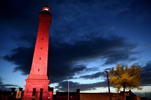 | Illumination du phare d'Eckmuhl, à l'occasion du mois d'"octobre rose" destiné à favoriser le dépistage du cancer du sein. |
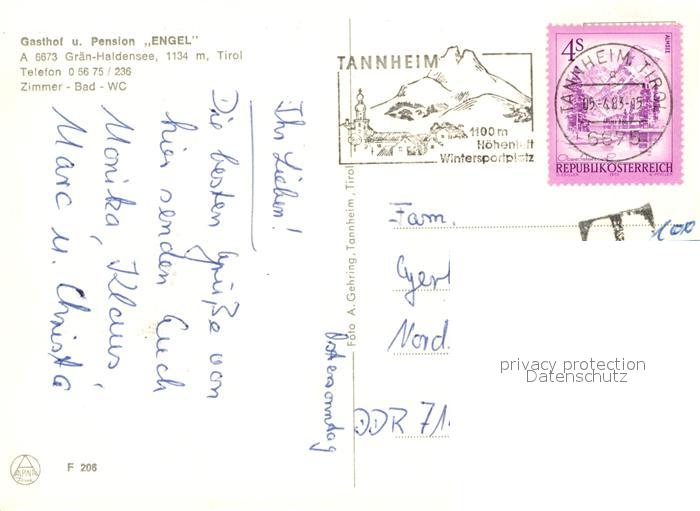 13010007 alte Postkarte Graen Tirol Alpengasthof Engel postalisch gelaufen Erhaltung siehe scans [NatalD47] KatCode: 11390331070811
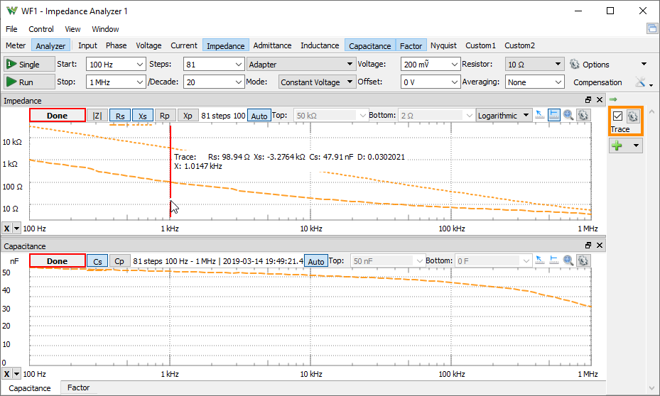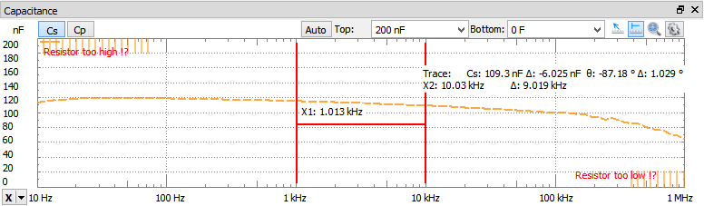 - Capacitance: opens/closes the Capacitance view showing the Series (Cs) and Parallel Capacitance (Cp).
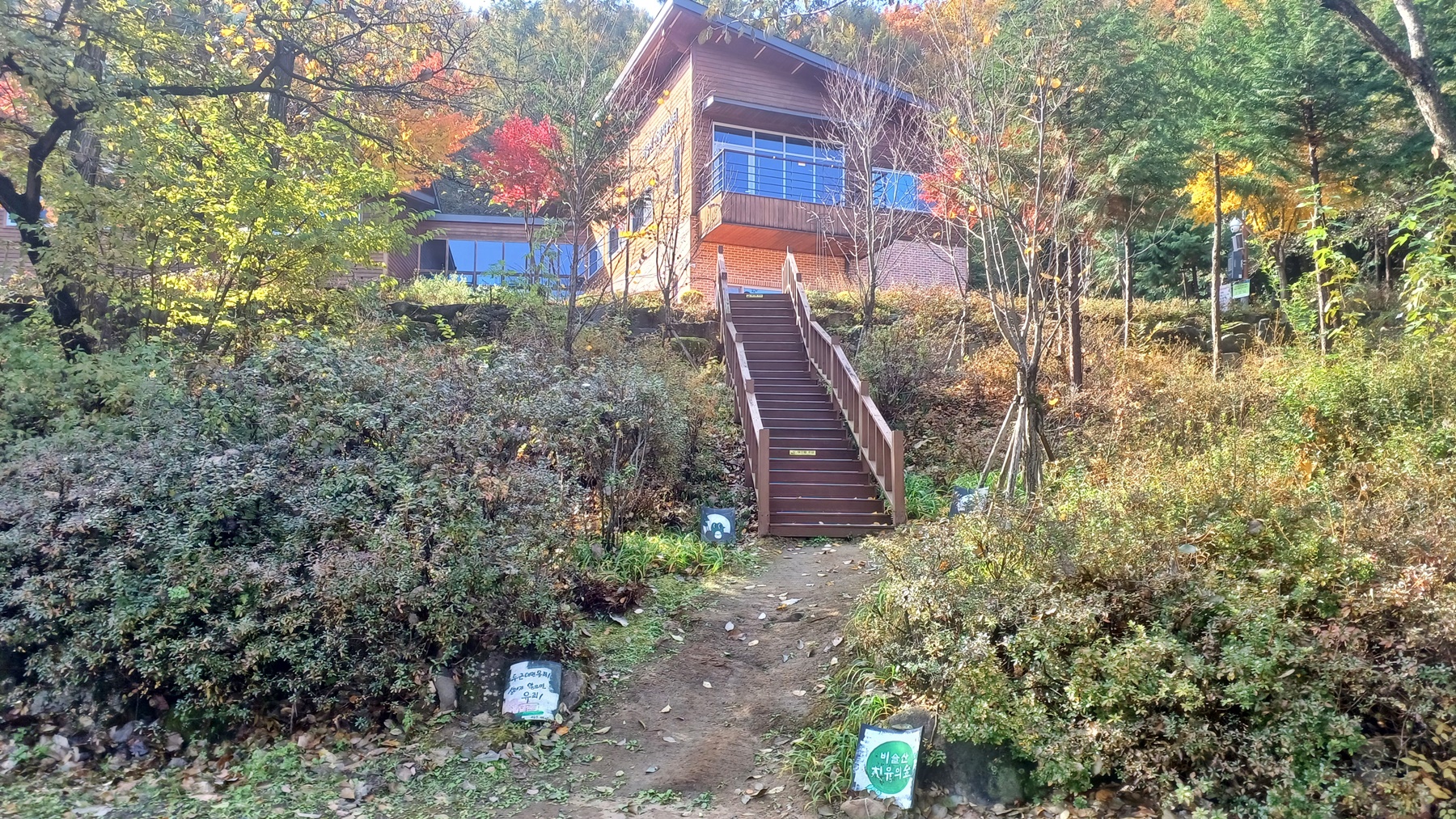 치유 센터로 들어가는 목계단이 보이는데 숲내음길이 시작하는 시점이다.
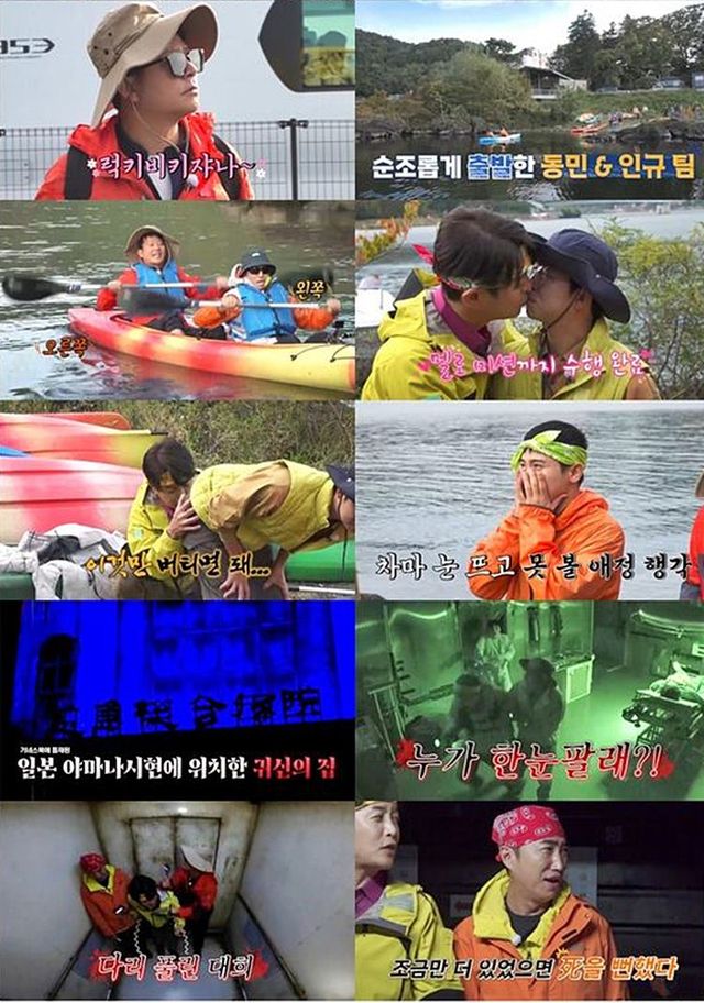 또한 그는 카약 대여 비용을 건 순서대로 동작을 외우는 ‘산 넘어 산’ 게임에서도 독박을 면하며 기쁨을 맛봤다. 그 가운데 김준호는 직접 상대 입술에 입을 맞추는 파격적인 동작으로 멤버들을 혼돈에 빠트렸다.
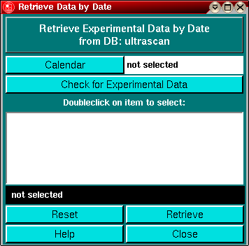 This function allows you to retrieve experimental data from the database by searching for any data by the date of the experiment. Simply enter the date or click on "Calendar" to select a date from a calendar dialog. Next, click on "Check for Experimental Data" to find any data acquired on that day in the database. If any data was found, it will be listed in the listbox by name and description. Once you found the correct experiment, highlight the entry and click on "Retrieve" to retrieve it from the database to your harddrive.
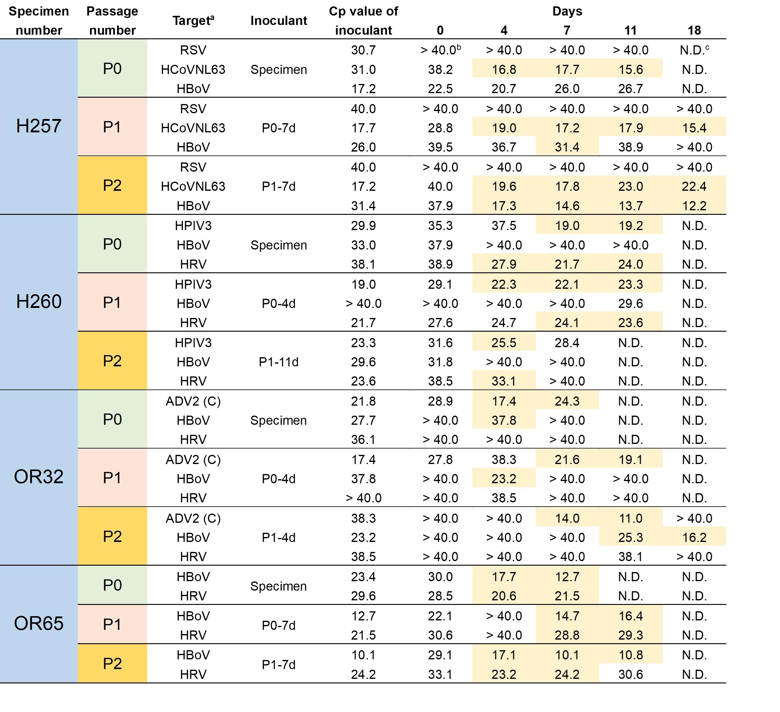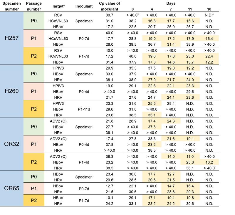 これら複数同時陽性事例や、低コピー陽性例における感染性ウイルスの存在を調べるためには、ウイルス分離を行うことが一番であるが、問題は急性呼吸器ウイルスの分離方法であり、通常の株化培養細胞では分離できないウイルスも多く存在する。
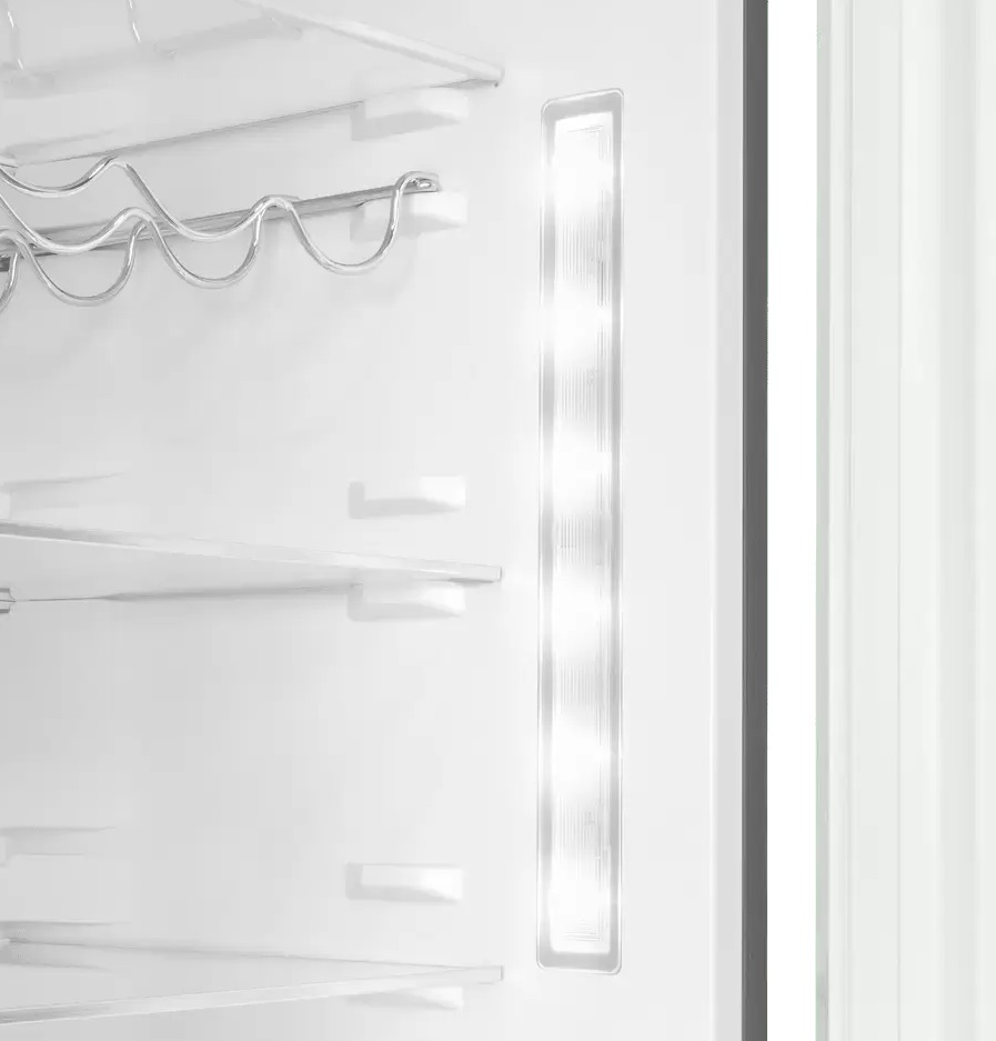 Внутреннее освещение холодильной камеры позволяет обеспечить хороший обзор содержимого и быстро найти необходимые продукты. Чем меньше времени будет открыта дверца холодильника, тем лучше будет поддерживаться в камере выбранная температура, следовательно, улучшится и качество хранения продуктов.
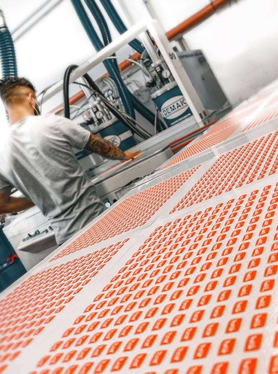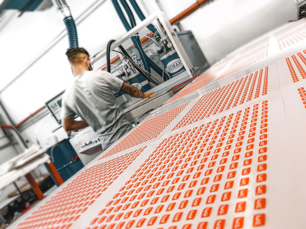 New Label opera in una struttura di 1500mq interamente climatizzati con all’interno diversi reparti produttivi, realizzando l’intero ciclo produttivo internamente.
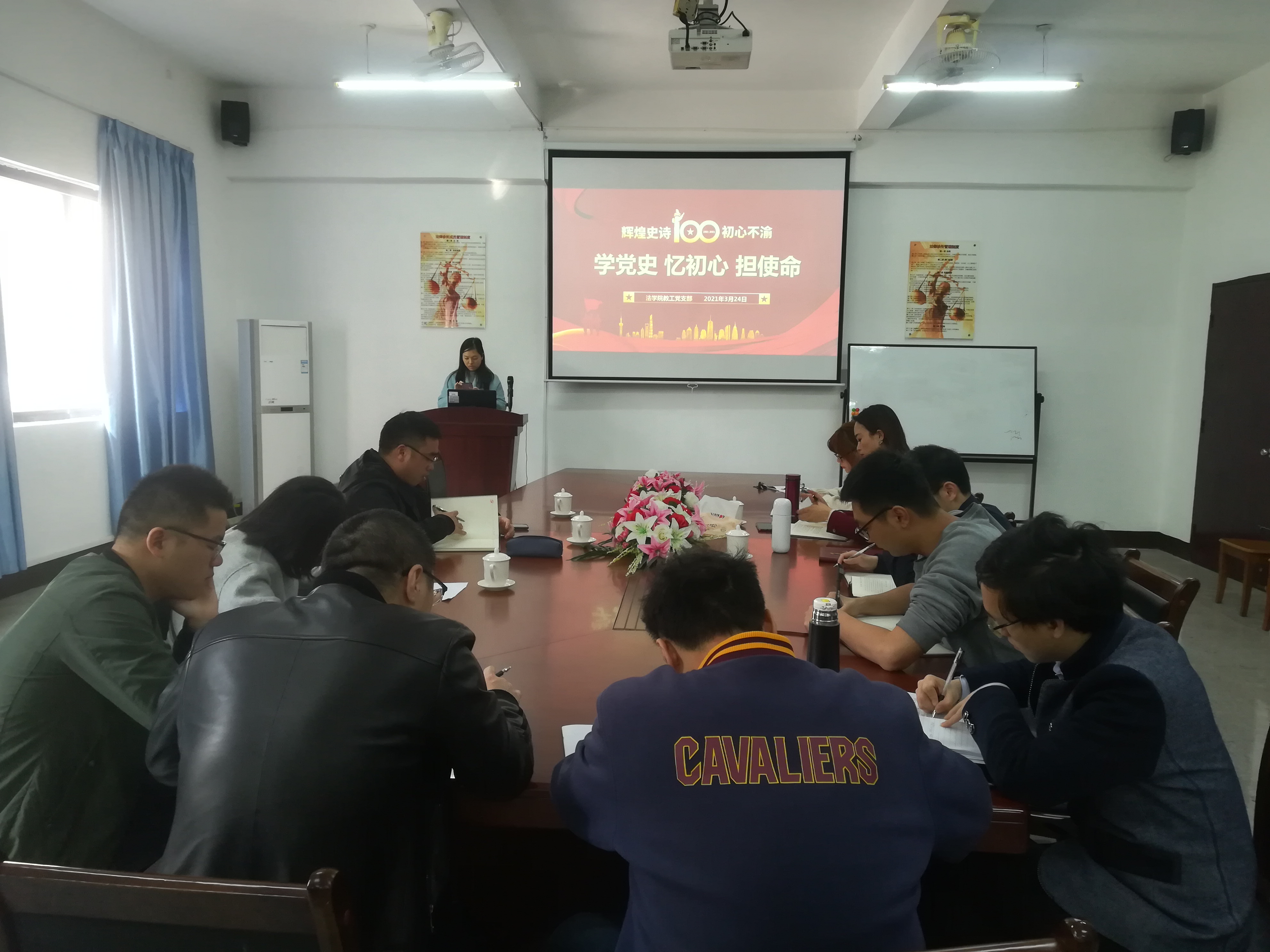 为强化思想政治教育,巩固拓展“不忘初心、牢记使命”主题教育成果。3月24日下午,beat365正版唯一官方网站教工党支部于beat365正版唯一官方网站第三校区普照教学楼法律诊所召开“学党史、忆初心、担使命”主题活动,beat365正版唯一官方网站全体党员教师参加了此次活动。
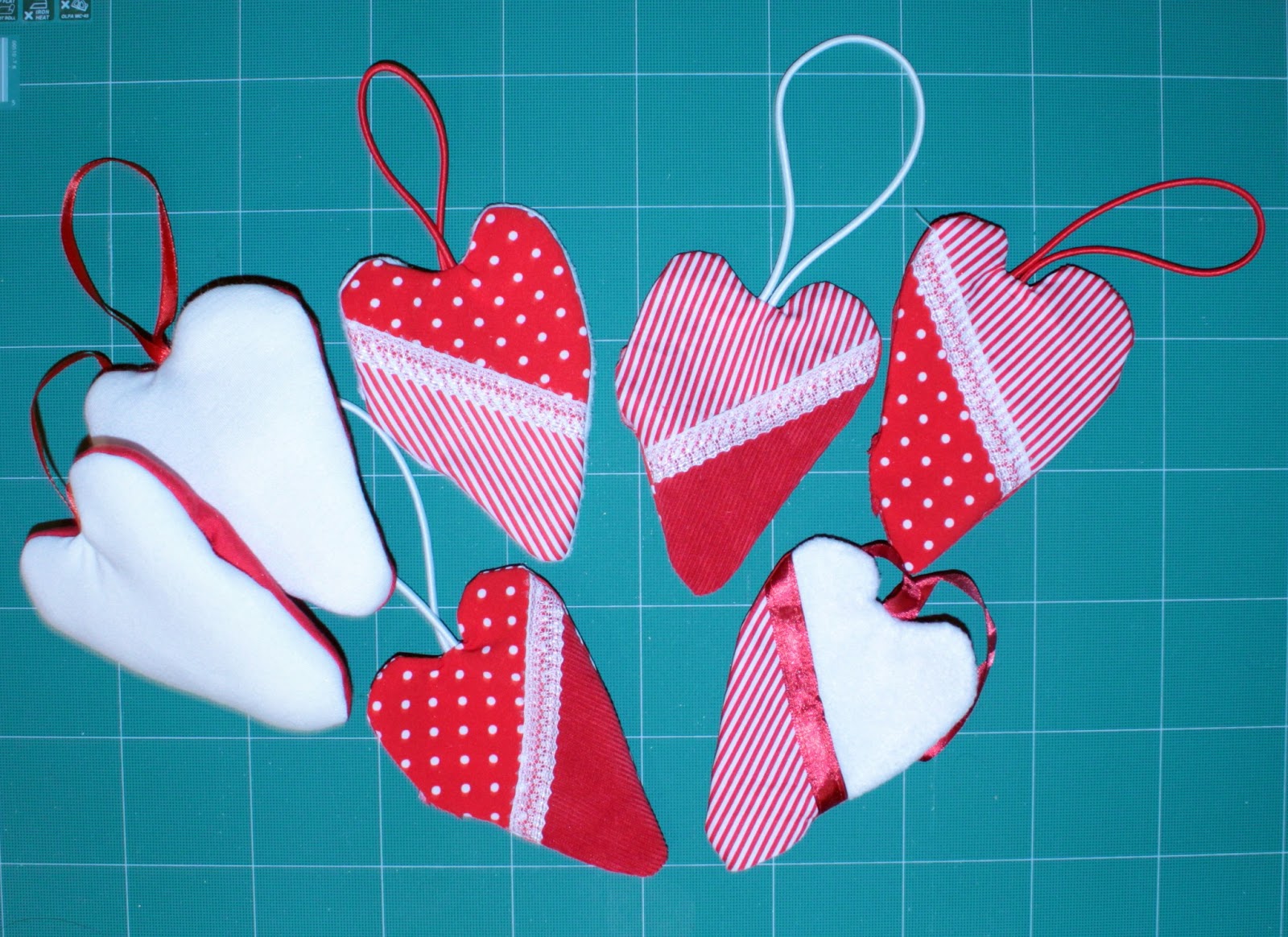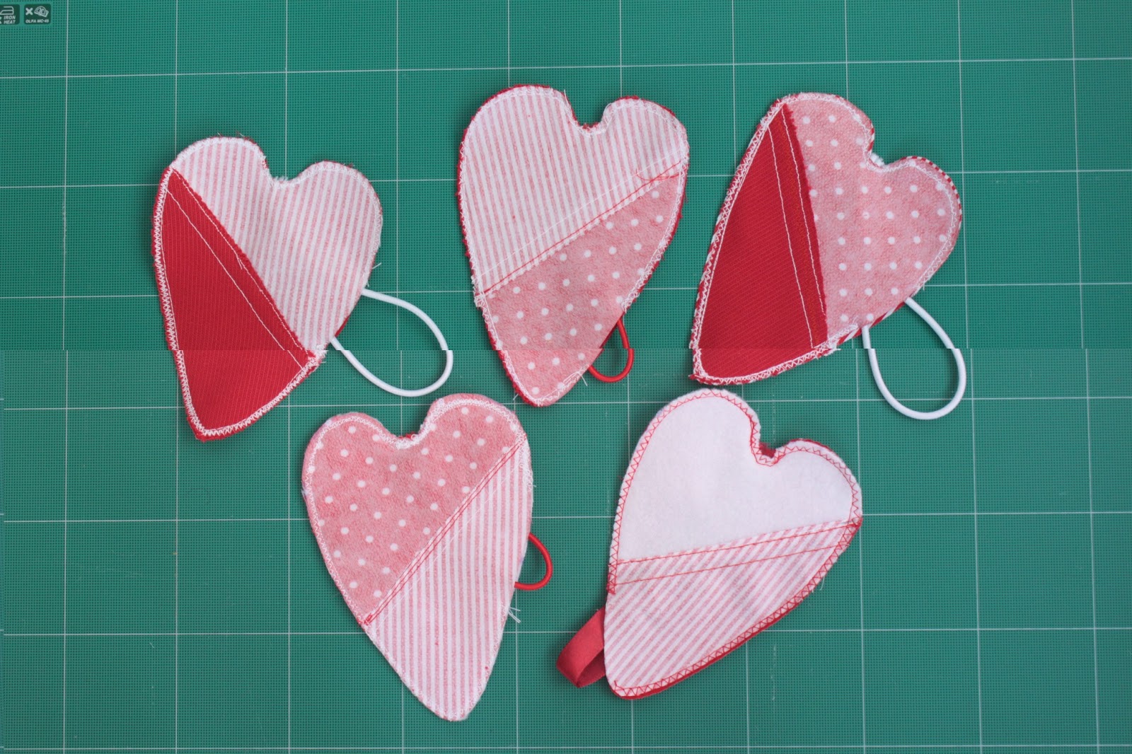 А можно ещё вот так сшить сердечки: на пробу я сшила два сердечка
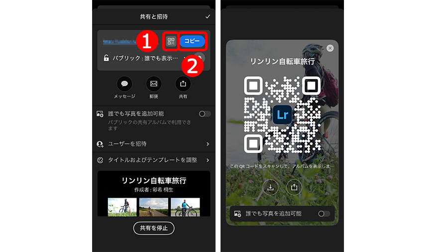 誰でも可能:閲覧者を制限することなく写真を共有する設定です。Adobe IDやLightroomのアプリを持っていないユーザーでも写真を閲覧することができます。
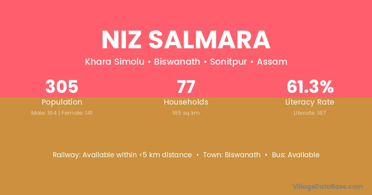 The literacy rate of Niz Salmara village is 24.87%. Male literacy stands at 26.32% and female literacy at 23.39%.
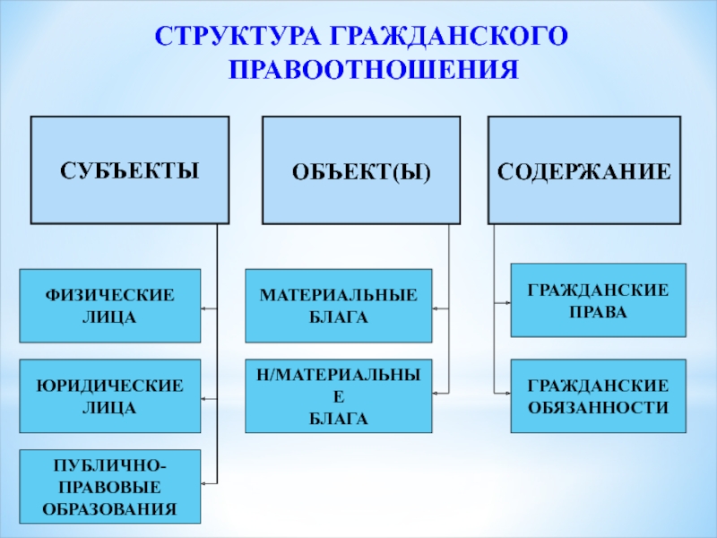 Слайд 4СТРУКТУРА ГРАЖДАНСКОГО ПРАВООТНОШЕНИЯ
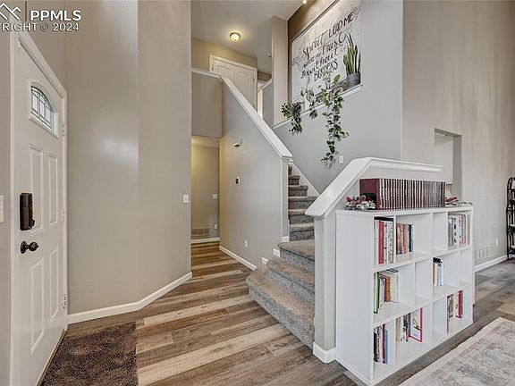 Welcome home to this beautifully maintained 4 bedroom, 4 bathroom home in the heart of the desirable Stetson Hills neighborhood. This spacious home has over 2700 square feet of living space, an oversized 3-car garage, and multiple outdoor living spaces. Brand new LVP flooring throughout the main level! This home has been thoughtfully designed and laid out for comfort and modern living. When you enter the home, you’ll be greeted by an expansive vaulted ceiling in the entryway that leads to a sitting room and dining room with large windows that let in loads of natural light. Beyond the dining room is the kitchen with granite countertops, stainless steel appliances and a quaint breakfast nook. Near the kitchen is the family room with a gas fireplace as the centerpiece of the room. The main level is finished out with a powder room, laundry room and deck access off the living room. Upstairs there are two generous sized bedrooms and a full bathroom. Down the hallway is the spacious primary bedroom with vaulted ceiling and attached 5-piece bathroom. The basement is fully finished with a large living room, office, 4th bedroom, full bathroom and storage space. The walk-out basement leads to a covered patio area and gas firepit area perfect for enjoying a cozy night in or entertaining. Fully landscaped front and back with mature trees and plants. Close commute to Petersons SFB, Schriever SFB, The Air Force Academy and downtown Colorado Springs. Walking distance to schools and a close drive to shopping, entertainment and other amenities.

━━━━

### Task directions
Reproduce only the lines from the beginning of the data through the line that contains "또한 그는 카약 대여", both included, and please drop the pictures.

### Answer area
 | Illumination du phare d'Eckmuhl, à l'occasion du mois d'"octobre rose" destiné à favoriser le dépistage du cancer du sein. |
 13010007 alte Postkarte Graen Tirol Alpengasthof Engel postalisch gelaufen Erhaltung siehe scans [NatalD47] KatCode: 11390331070811
 - Capacitance: opens/closes the Capacitance view showing the Series (Cs) and Parallel Capacitance (Cp).
 치유 센터로 들어가는 목계단이 보이는데 숲내음길이 시작하는 시점이다.
 또한 그는 카약 대여 비용을 건 순서대로 동작을 외우는 ‘산 넘어 산’ 게임에서도 독박을 면하며 기쁨을 맛봤다. 그 가운데 김준호는 직접 상대 입술에 입을 맞추는 파격적인 동작으로 멤버들을 혼돈에 빠트렸다.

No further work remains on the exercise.